## What is needed
Leaving the pictures aside, repeat each line below exactly.

## Data shown
______________________________
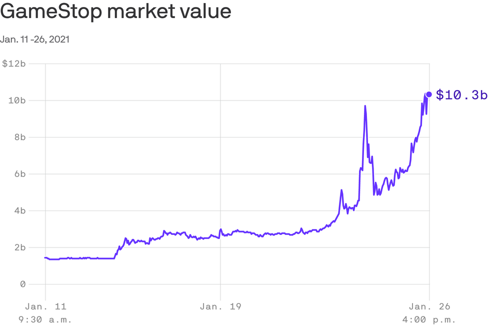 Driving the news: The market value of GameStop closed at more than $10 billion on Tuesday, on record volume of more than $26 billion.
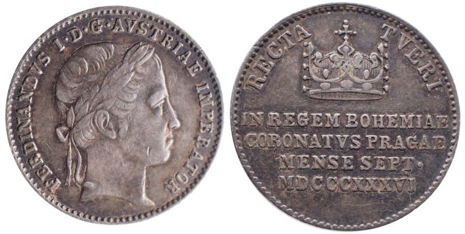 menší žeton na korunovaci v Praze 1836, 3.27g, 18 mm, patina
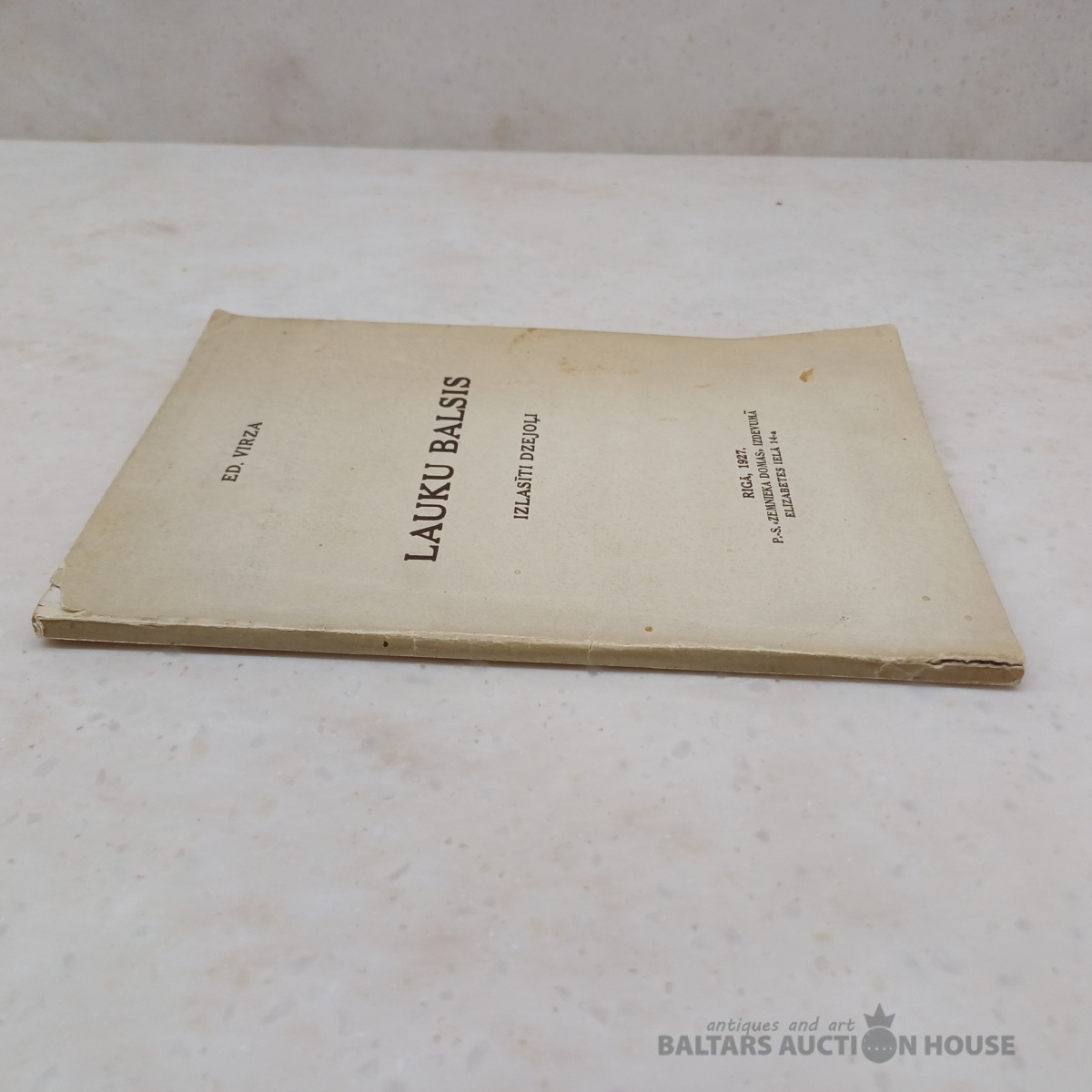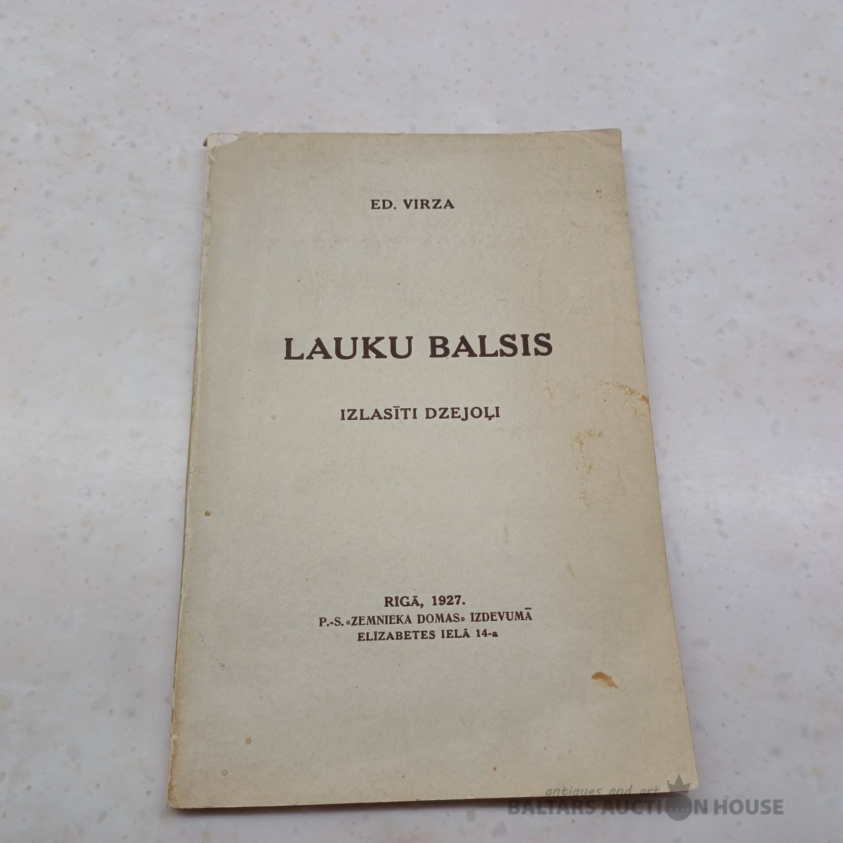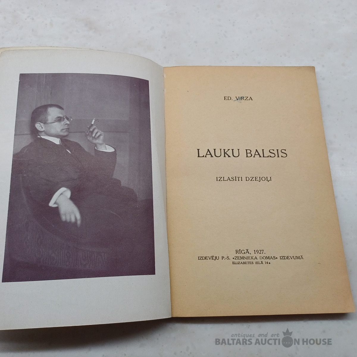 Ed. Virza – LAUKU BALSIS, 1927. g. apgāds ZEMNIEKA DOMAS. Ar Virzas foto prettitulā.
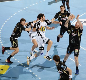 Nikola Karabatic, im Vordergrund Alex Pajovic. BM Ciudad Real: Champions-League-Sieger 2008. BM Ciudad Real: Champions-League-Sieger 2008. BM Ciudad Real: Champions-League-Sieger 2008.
______________________________
## Solved exercise
 Driving the news: The market value of GameStop closed at more than $10 billion on Tuesday, on record volume of more than $26 billion.
 menší žeton na korunovaci v Praze 1836, 3.27g, 18 mm, patina
 Ed. Virza – LAUKU BALSIS, 1927. g. apgāds ZEMNIEKA DOMAS. Ar Virzas foto prettitulā.
 Nikola Karabatic, im Vordergrund Alex Pajovic. BM Ciudad Real: Champions-League-Sieger 2008. BM Ciudad Real: Champions-League-Sieger 2008. BM Ciudad Real: Champions-League-Sieger 2008.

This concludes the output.